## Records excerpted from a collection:
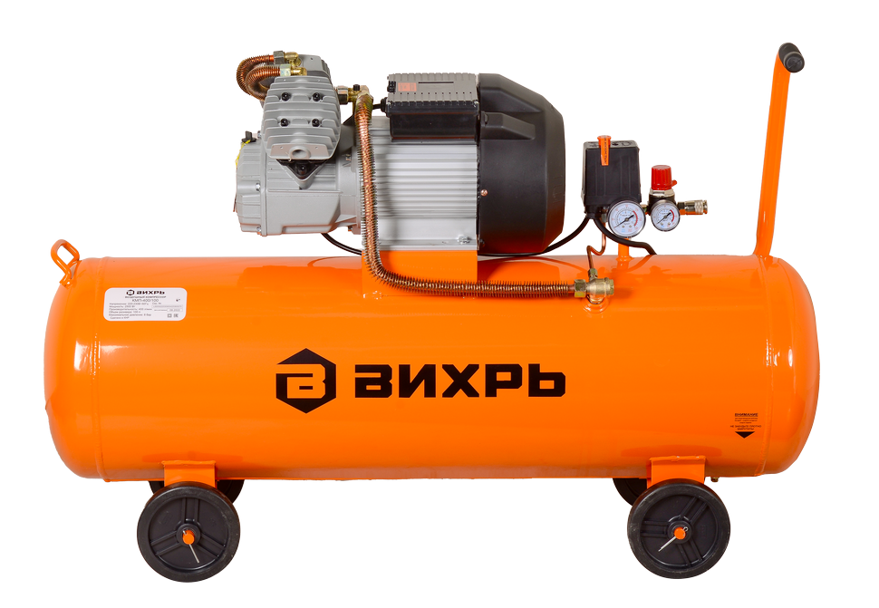 Компрессор Вихрь КМП-400/100 с прямым типом передачи подходит для интенсивной эксплуатации в быту при проведении строительных работ, в мастерской или в гараже. Поршневой электродвигатель с двумя цилиндрами мощностью 2500 Вт способен к долгой работе без перегрева и выдает до 400 л сжатого воздуха в минуту. Объема бака ресивера в 100 л хватит для всех необходимых задач. Для их подключения используется разъем EURO-рапид.
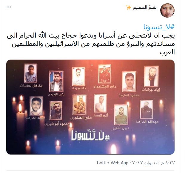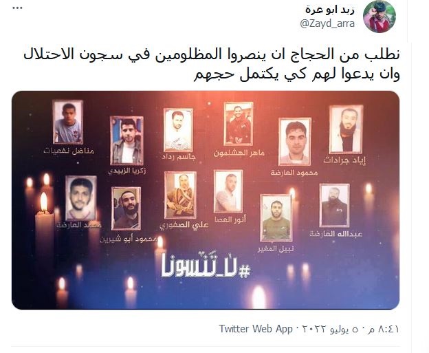 "زيد ابو عرة" غرد قائلا: نطلب من الحجاج ان ينصروا المظلومين في سجون الاحتلال وان يدعوا لهم كي يكتمل حجهم.
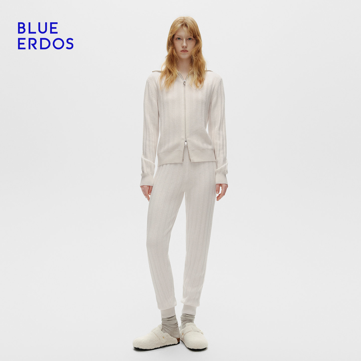 【设计师系列】BLUE ERDOS冬季100%山羊绒纯色翻领短款针织开衫
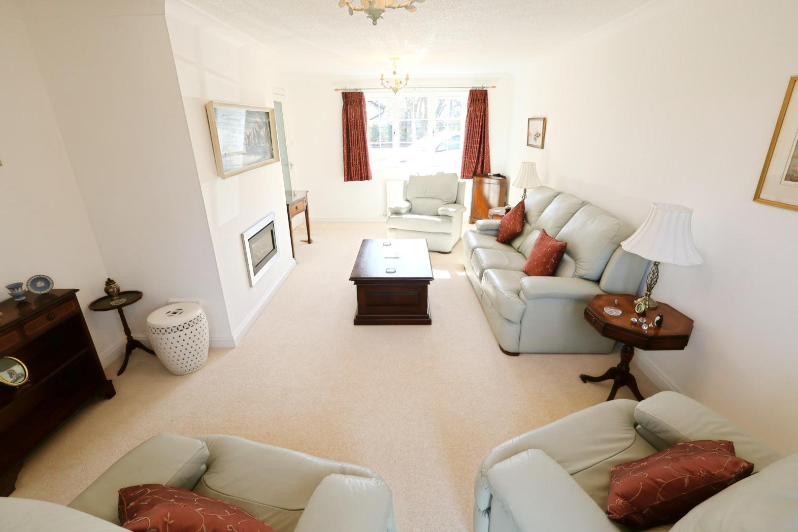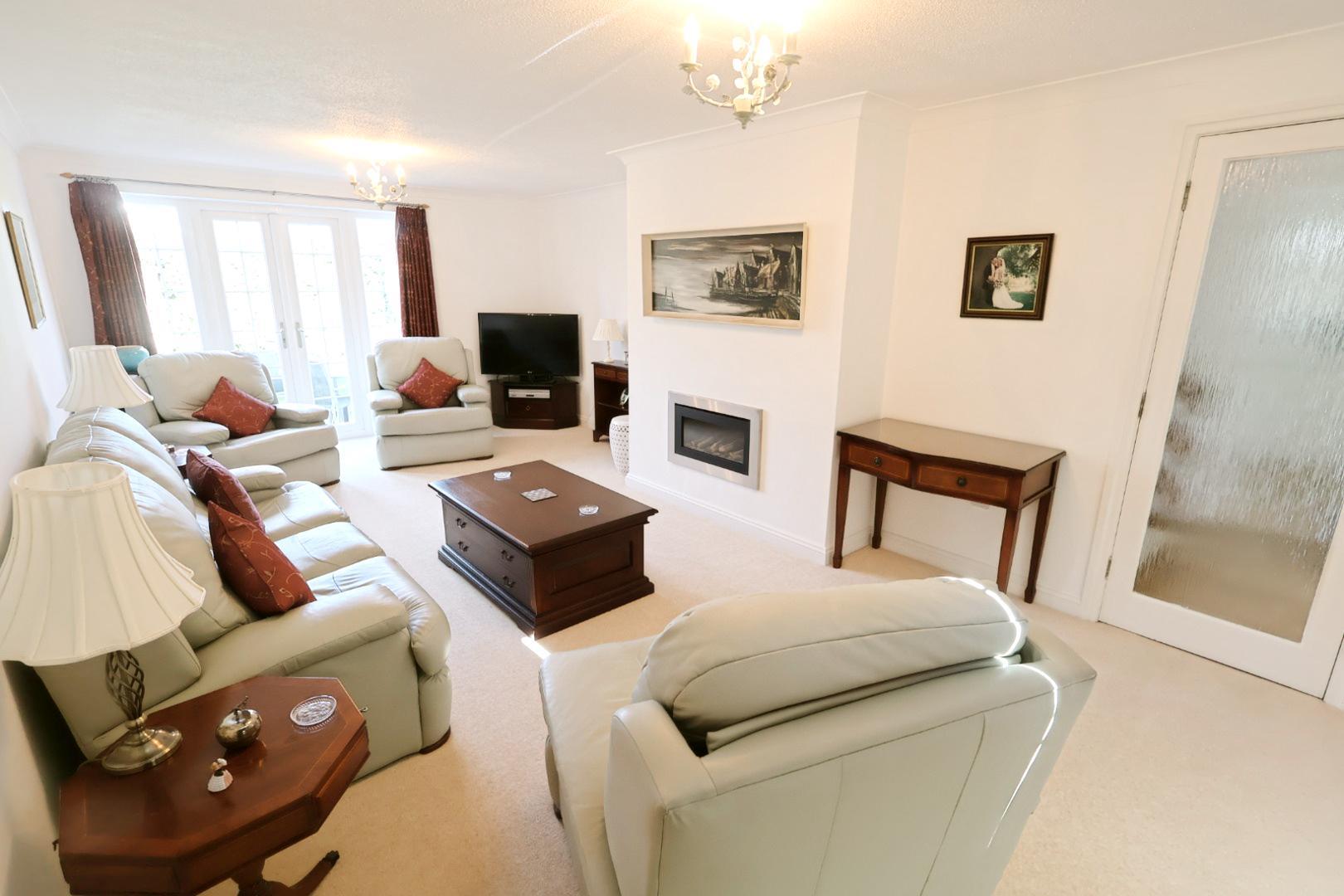 A lovely double-aspect room with a window to the front elevation and uPVC double-glazed French doors opening onto the rear patio. Features two radiators and a living flame gas log-effect inset fireplace.
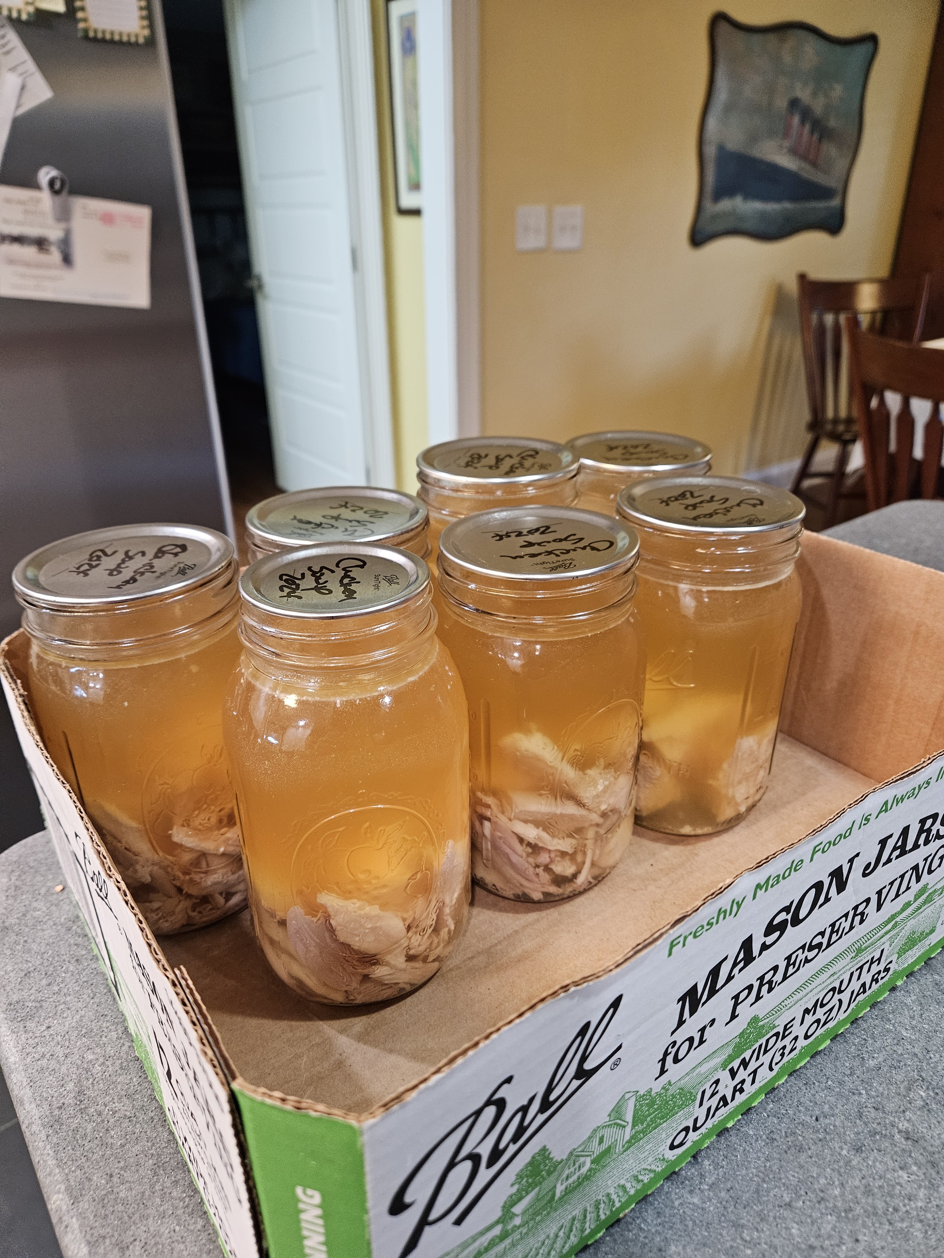 First step was to pull all the meat off of the bones. Then I took all the bones and the skin and I put it in a large pot and covered it with water and boiled it for about 90 minutes. Then I used a large slotted scoop to remove all the bones, etc. and I ladled the broth through a fine mesh sieve into a large food storage container. I let the meat and the broth cool overnight in the refrigerator. In the morning, I skimmed the fat off of the broth and I canned according the the Ball Blue Book.

## What this task involves:
Where a picture appears, skip it and copy the rest of the data word for word.

## Response to the exercise:
 Компрессор Вихрь КМП-400/100 с прямым типом передачи подходит для интенсивной эксплуатации в быту при проведении строительных работ, в мастерской или в гараже. Поршневой электродвигатель с двумя цилиндрами мощностью 2500 Вт способен к долгой работе без перегрева и выдает до 400 л сжатого воздуха в минуту. Объема бака ресивера в 100 л хватит для всех необходимых задач. Для их подключения используется разъем EURO-рапид.
 "زيد ابو عرة" غرد قائلا: نطلب من الحجاج ان ينصروا المظلومين في سجون الاحتلال وان يدعوا لهم كي يكتمل حجهم.
 【设计师系列】BLUE ERDOS冬季100%山羊绒纯色翻领短款针织开衫
 A lovely double-aspect room with a window to the front elevation and uPVC double-glazed French doors opening onto the rear patio. Features two radiators and a living flame gas log-effect inset fireplace.
 First step was to pull all the meat off of the bones. Then I took all the bones and the skin and I put it in a large pot and covered it with water and boiled it for about 90 minutes. Then I used a large slotted scoop to remove all the bones, etc. and I ladled the broth through a fine mesh sieve into a large food storage container. I let the meat and the broth cool overnight in the refrigerator. In the morning, I skimmed the fat off of the broth and I canned according the the Ball Blue Book.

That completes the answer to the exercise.